El distanciamiento fue total, no el olvido, cuando informaron
al Papa que Alonso de Luna había tomado una corresponsalía
comercial de cabotaje de especias y sedas en el puerto de Ostia.
Y viajaba mucho con sus naves de mercader por los puertos del
Mediterráneo. Hasta ahí alcanzaban los recuerdos de Paulo V
sobre su antiguo sirviente español. También medio hijo, confidente y médico de confianza.

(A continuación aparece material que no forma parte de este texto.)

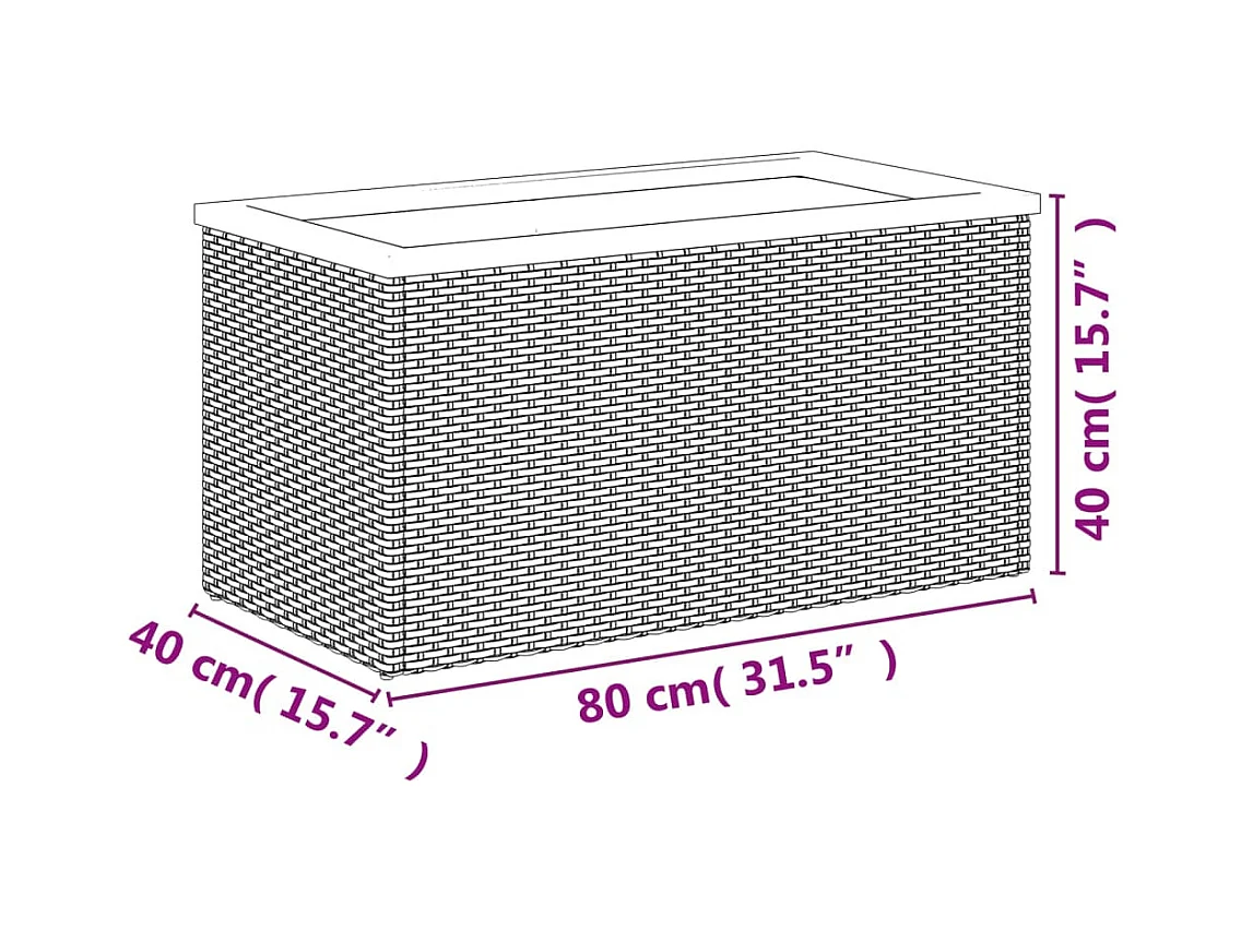 Vaso/floreira 80x40x40 cm vime PE preto
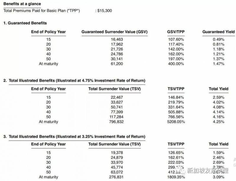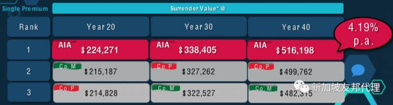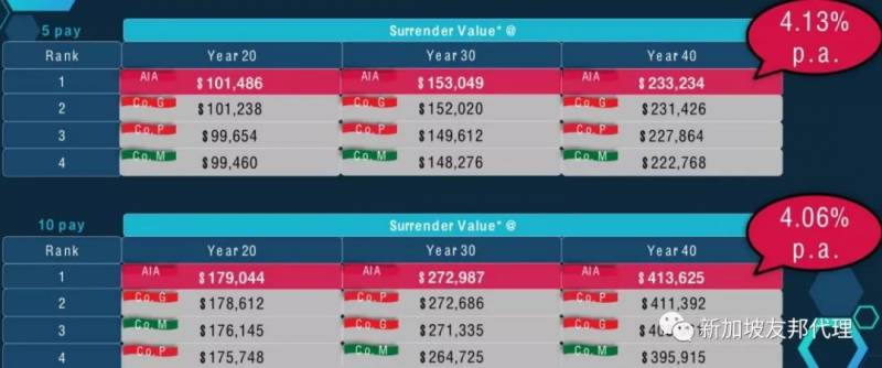 上图1,2,3分别是保证在各个保单年的保证价值、在假设4.75%及3.25%投资回报时的总保单价值,即你退保可以拿到的钱。接下来放几张各个公司同产品对比,一目了然。举例子,假设你单笔缴费15300新币,在4.75%投资回报时(第2条),第20年的回报为33627新币,年化是4.02%,新加坡同类产品最高。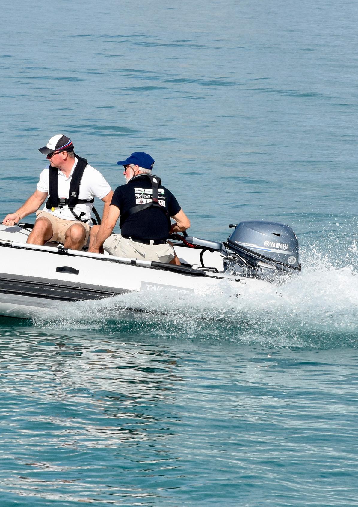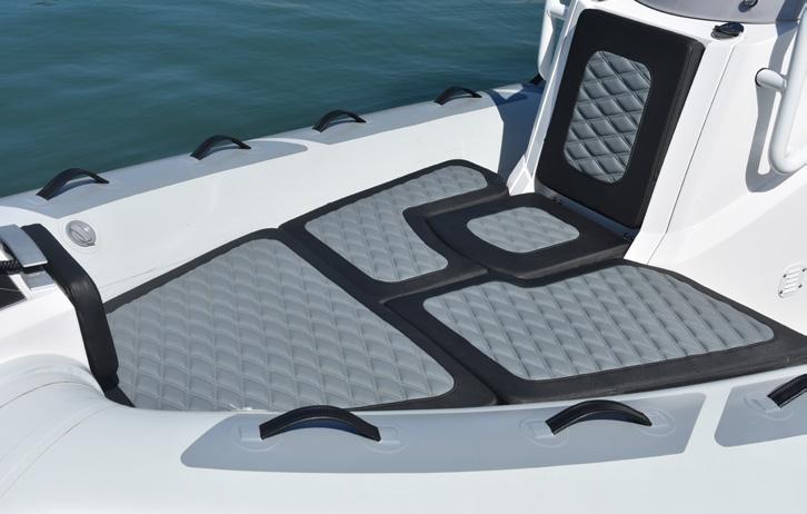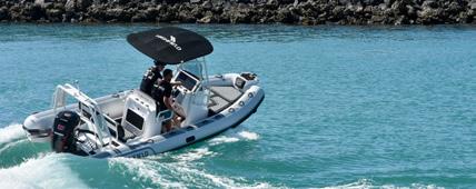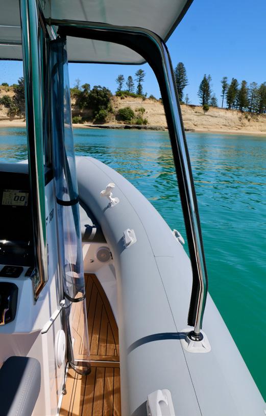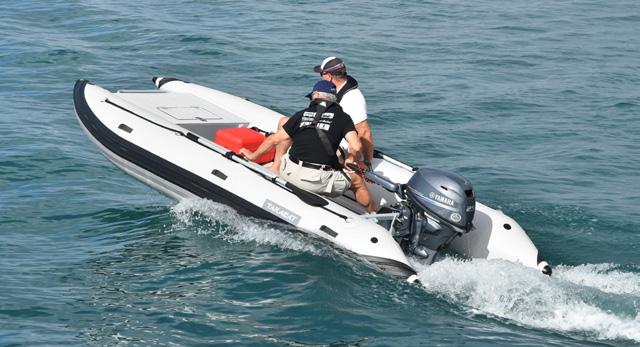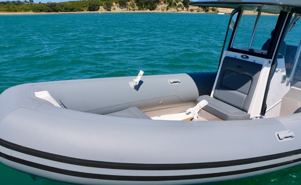 times on both RIB’s and standard inflatable craft of all sizes, one comes to expect a certain standard of good performance from RIBs, especially in the 3 to 9 metre range. The SP560 not only met this standard, but in my opinion, especially considering that it is touted as a ‘family boat’, exceeded it. During the time on board, putting this craft through its paces, at the back of my mind was safety. You hope that any boat you are on is ‘safe’, but particularly so on a family boat. With dad driving, mom alongside and the kids securely seated on the aft bench, if I were dad, would I feel confident putting the SP560 through the same extreme manoeuvres as we did on test day? Absolutely! Careening off the wake generated by a large launch that had powered up after leaving the marina, I tried extremely hard to make this RIB lose control, but to no avail. Under full power, helm hard over and the boat heeling dramatically, there was only the barest hint of the stern losing its grip on the water and, in truth, this was most likely because this manoeuvre was so extreme, I had created prop cavitation in the air infused wave top. No water, no grip! But within a millisecond, as soon as the prop on the Mercury 115 hp outboard found solid water again, the SP560 carried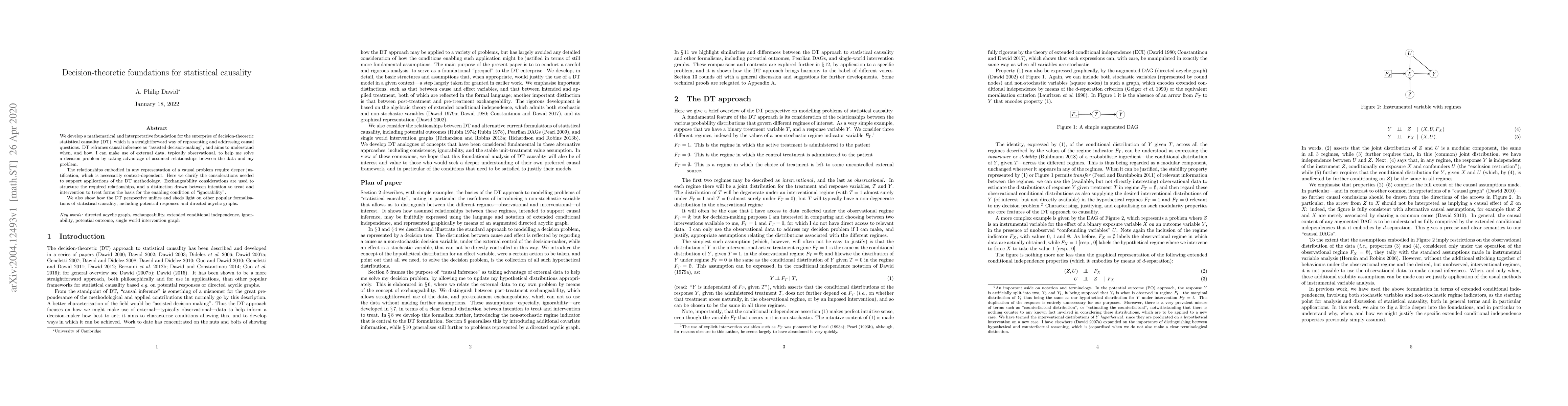We develop a mathematical and interpretative foundation for the enterprise of decision-theoretic statistical causality (DT), which is a straightforward way of representing and addressing causal questions. DT reframes causal inference as "assisted decision-making", and aims to understand when, and how, I can make use of external data, typically observational, to help me solve a decision problem by taking advantage of assumed relationships between the data and my problem. The relationships embodied in any representation of a causal problem require deeper justification, which is necessarily context-dependent. Here we clarify the considerations needed to support applications of the DT methodology. Exchangeability considerations are used to structure the required relationships, and a distinction drawn between intention to treat and intervention to treat forms the basis for the enabling condition of "ignorability". We also show how the DT perspective unifies and sheds light on other popular formalisations of statistical causality, including potential responses and directed acyclic graphs.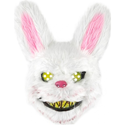 Maska "králičího ducha" pokrytá bílou kožešinou. Krví pokryté zuby a srst kolem tlamy, stejně jako žluté oči, rozhodně odporují obvyklému obrazu tohoto milovaného zvířete -...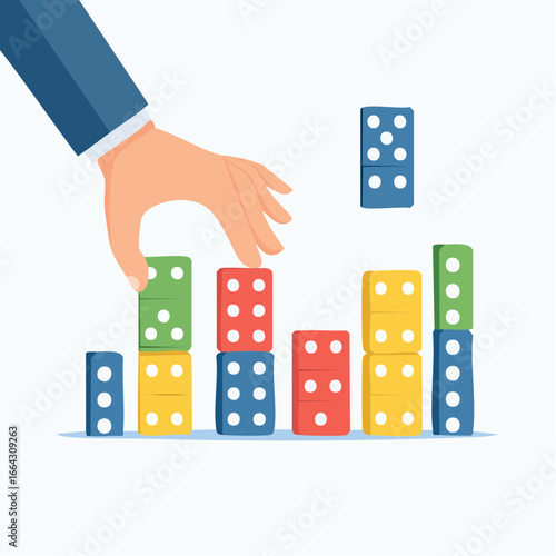 hand, domino, colourful, building, business, strategy, planning, stacked, cube, block, graphic, illustration, design, domino, game, stack, learning, growth, process, step, blue, green, yellow, red, effect, visual, flat, simple, pattern, cartoon, animation, education

Poco más se podía saber por boca de Alonso de Luna, postrado ante el Papa. Los golpes de los soldados, cuando no la tortura directa, habían mermado considerablemente su salud y su
capacidad de expresarse. El prepósito general de la Compañía
de Jesús, presente al fondo de la sala, solicitó la palabra al Santo
Padre. Mutio Bitelleschi aseguró que, tal como había anticipado
el Santo Padre, el reo tenía un hermano sacerdote al servicio del
Vaticano. También vivía con ellos su anciana madre. Lo sabía
de buen oído porque tenían habitación a dos tiros de piedra del
Gesù.
El jefe de la guardia vaticana se había aproximado mientras
tanto hasta situarse a la espalda del cardenal camarlengo. Acercó
su boca al oído de Belarmino y le susurró algo sin que nadie se
percatase de ello.
—¡Santidad! —llamó la atención el cardenal Belarmino.
Los presentes en la audiencia papal giraron sus cabezas para
escucharle: «El Santo Oficio de Castilla ha enviado a un alguacil
de su compañía para reclamarlo por los graves delitos cometidos
en el reino de España. Aguarda en la camarilla…»
Paulo V hizo un leve gesto con su mano para que flanqueasen la puerta al representante del Gran Inquisidor español. A ver
si él arrojaba luz sobre este oscuro asunto.